Diários do isolamento #18: Jarid Arraes

09/04/2020

Diários do isolamento

Dia 18

Jarid Arraes*

 

 

Hoje meu maior desejo é conseguir escrever.

Quero escrever, mas a dança faminta das notícias não me permite. Quero escrever poesia, começar a trabalhar num romance, mas a agonia das palavras ditas pelos outros me paralisa. O que eu quero escrever está grudado nas pontas dos meus dedos, quase se tornando parte das minhas digitais, e uma vez que isso se complete, minha voz ficará para sempre presa no meu corpo.

Tenho medo porque repito, repito. O Brasil se repete, repete.

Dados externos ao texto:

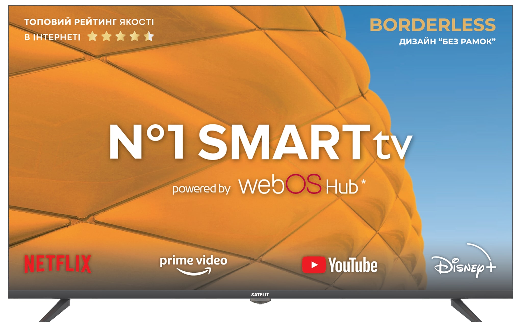 Тонкий, яскравий та функціональний — ось що означає сучасний телевізор. Satelit саме такий! Стильний дизайн, нововведення технологій та якісне зображення. Satelit довів: щоб йти в ногу з часом, не потрібно дорого платити.

Você usaria palavras melhores?

Meu corpo diz pra mim eu não consigo, me deixe em paz, me deixe falar, me deixe dormir, me deixe lidar com isso. Me deixe.

É impossível deixar que as coisas aconteçam, mas não tenho qualquer controle sobre elas. Assisto às coisas vivendo como vivem os vírus. O coração bate muito rápido todos os dias, não leio literatura, não acompanho lives de exercícios, de discussões interessantes, não consigo me mexer. Não consigo me deixar em paz. Meu corpo repete me deixe, me deixe.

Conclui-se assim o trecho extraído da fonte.